■ **Exercise details**: Reproduce, word for word, the lines in the material below starting with the one that has "Een twee uur" and going on through the one that has "Гу Цзингуан (791448)". Leave out all pictures.

■ **Working data**:
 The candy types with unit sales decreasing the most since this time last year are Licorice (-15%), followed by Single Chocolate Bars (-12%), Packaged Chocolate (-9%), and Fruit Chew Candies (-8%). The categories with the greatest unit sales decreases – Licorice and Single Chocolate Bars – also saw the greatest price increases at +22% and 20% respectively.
* * *
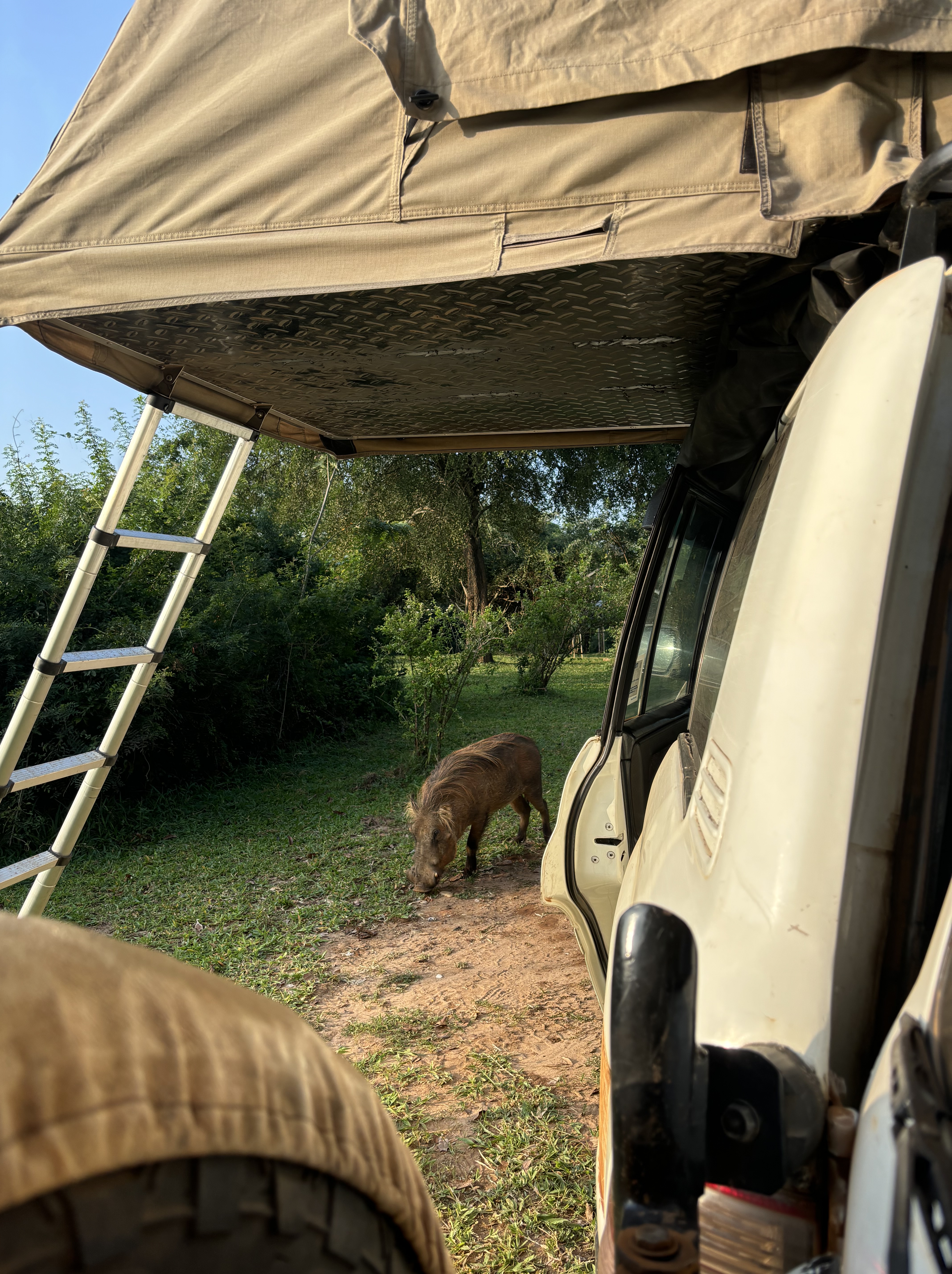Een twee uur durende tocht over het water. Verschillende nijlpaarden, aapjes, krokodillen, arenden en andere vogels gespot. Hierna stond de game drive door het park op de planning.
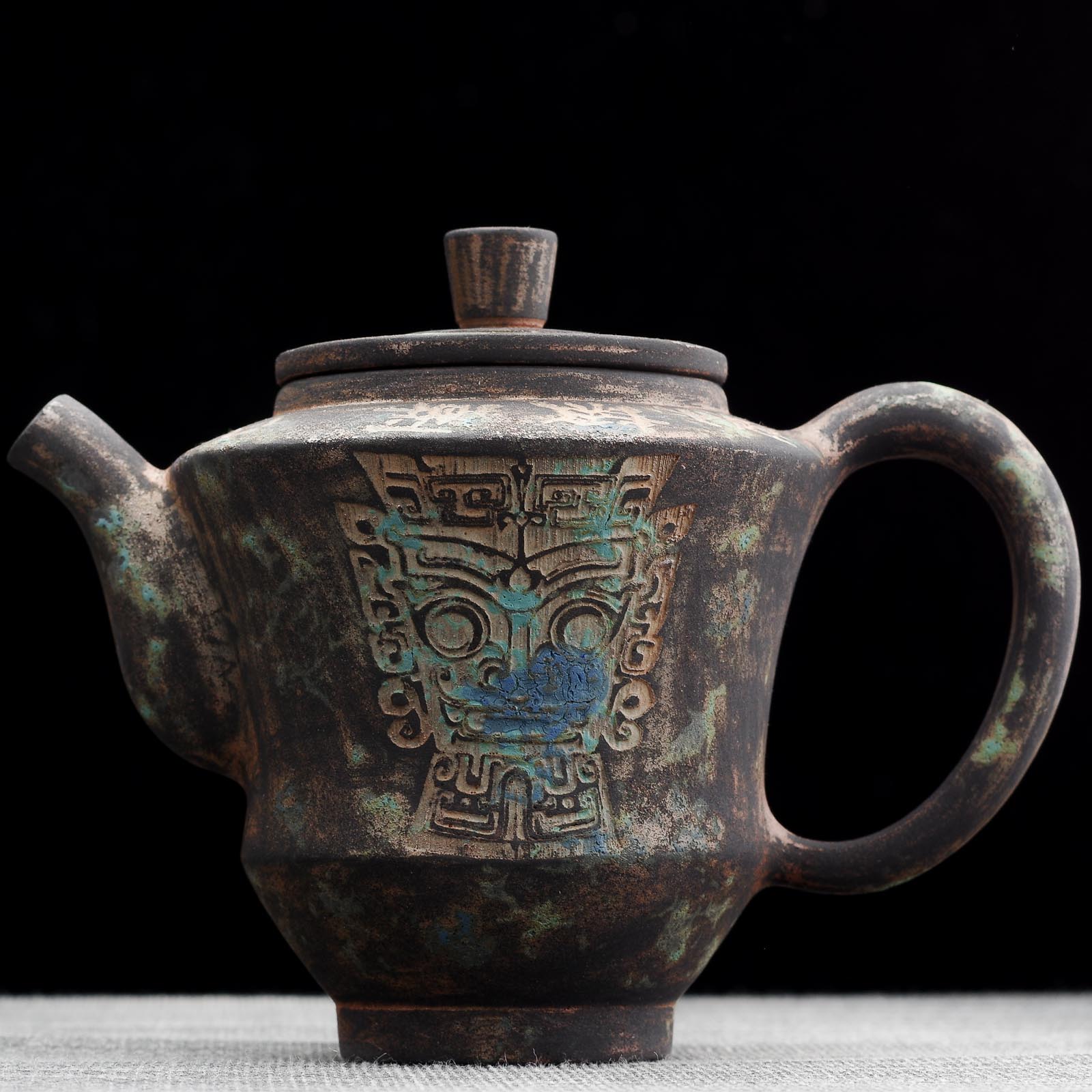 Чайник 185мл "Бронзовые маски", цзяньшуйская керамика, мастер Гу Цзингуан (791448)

■ **Answer box**:
Een twee uur durende tocht over het water. Verschillende nijlpaarden, aapjes, krokodillen, arenden en andere vogels gespot. Hierna stond de game drive door het park op de planning.
 Чайник 185мл "Бронзовые маски", цзяньшуйская керамика, мастер Гу Цзингуан (791448)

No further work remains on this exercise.